I have never been faced with an army pursuing me as I look at an ocean as my only way to escape, but I do have many experiences from my life where I felt trapped where I was. And that’s exactly how I am sure the Israelites felt. They felt trapped physically by the ocean but also trapped by their circumstances and their lives. I am sure we can all relate to a time that we felt trapped by our circumstances. The man you are seeing suddenly calls it off. You get laid off from your job. A bad diagnosis shakes the core of your family.  It can be easy to think that our problems are ours alone to deal with and forget that we have a great defender who is standing by our sides, waiting to part the waters.

As a natural worrier, it can be really hard to trust God with the bigger areas of my life. What my career path looks like, making friends, moving to a new area, meeting my future husband. I find myself looking towards the future, grappling with the wideness and depth of the ocean in front of me, certain there is no way I will be able to cross it. I am learning that I often turn inwardly to myself or others to help me navigate these waters. I try to tentatively wade out on my own, thinking that I can swim to the other side, but I only make it a few strokes before I am drowning quite literally in the sea of my tears and fears.

But God doesn’t want me or you to live this way anymore. He wants us to stand back, relax, maybe get a manicure, and come back to see the sea parted for us. He doesn’t want to have to wade out and pull our struggling forms out of the water, though He will. He wants us to trust Him with everything.

And I wish I could tell you that I was great at trusting God with the small every day things. That yes, I can’t let go of the big stuff, but the small decisions, have your way, God.  But then I thought about it for a solid two minutes and realized I don’t even trust Him with the small stuff always.

I depend on myself to make money so I can buy my food so that I can pay my bills. I rely on my uncle to continue housing me and not to kick me out on the street, but not God.

I pray a big game. I mean I really do. I am the queen of praying to God about stuff that I entirely don’t trust Him with. And I know that He can see that I am a phony too. When I pray to Him about my future or about my future spouse, I always pray for Him and the Holy Spirit to lead and guide me, but I don’t look out for them. I pray for my heart or circumstances to change, but then I don’t let them work in me.

At the root of my being, I know that I can trust God. But I don’t always trust Him to provide me with good things. A quote I love by CS Lewis sums up what I am feeling perfectly,

“It is not that we are necessarily doubting that God will do what is best for us, we are wondering how painful the best will be.”

It can be hard to see the good in our world every day. Families are torn apart; car accidents kill loved ones, friendships fall apart, people get laid off. And yes, God never promises that we will have an easy life as His followers, but He does promise to fight for us, we just have to be still.

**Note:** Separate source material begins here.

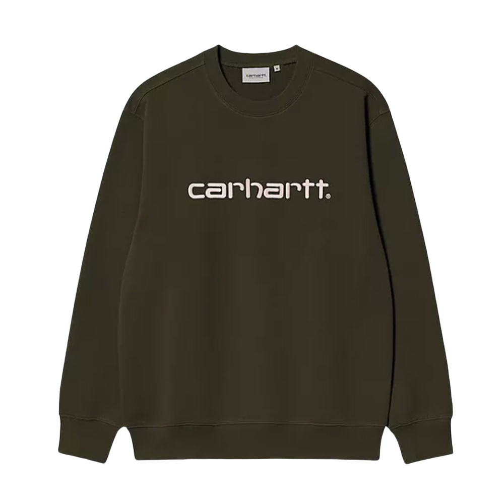 The Carhartt Sweatshirt is made in a loose fit from heavyweight cotton-poly jersey fabric, which has been brushed for a fleece-like backing. It also features a ribbed collar, hem and cuffs. An embroidered Script Logo appears across the chest.

So, this year, I vow to spend less time trying to solve my own problems, and more time sitting back and letting God work His magic. Because yes, God will intervene in our lives no matter if we trust Him or not, but if we do trust Him, we get to be part of a much more beautiful story than if we tried to do it on our own. We open ourselves up to our utter humility and just desperation for God, and I don’t know about you, but I constantly find myself needing to fill up on that. Maybe you like me, are a chronic worrier, someone who wants to trust God with everything they have, but just isn’t sure where to start. Here are some ideas that I have for the worriers in all of us.

 

Praying, Praying A lot

praying

I often go throughout my day only praying during my designated quiet time. But I want to be someone who realizes their dependence on God every day, every hour, every minute. My prayer is that I pray more and more. Because if you think that Moses stopped praying just because God said He would fight for Him, you’re mistaken. Now, I don’t personally know Moses, but I bet that God sharing that with him caused him to fall to his knees, thank God, and pray even harder.

Be Real About Where You’re At

worry

Don’t let your Christian friends or church community guilt you about not trusting in God. If you have someone in your life who, “can’t relate,” to not trusting God, you may need to step away from them because I think they have to be a sociopath. Everyone worries and forgets to trust God. What helps us is to remind ourselves and others of the times that God has shown up and taken care of our battles for us. Find friends you can be real with about this struggle; I guarantee that you won’t be alone.

Be a Testimony Collector

testimony

I think we often think about our testimony as the story where we either accepted Jesus for the first time or when we had our first big encounter with God. Me, I think of testimonies a little bit differently. I think at their core; testimonies are just stories where God undisputably showed up. It can be a miracle, healing, or when you got an A on a test, you thought you failed. Stories have become part of my love language. Partially because Shauna Niequist, but mostly because stories are what bring people together. They can be communicated in any language and shared around any table. So don’t be afraid to share your stories or to ask others about stories they can share when they trusted God, and He showed up.

Give Grace, But Don’t Give Up

grace

Don’t beat yourself up when you turn to your mom instead of God in prayer. Don’t beat yourself up every time that you start to doubt. But also, don’t give up trying to trust God above anything and anyone else. Though I am nowhere near the finish line for this myself, I know that giving up just because I am falling behind isn’t the solution. So find that balance between not feeling sick to your stomach with guilt, but also not being too lackadaisical. Give yourself grace in the moments you need it, and push on and cry out to God in the moments you want to toss in the towel.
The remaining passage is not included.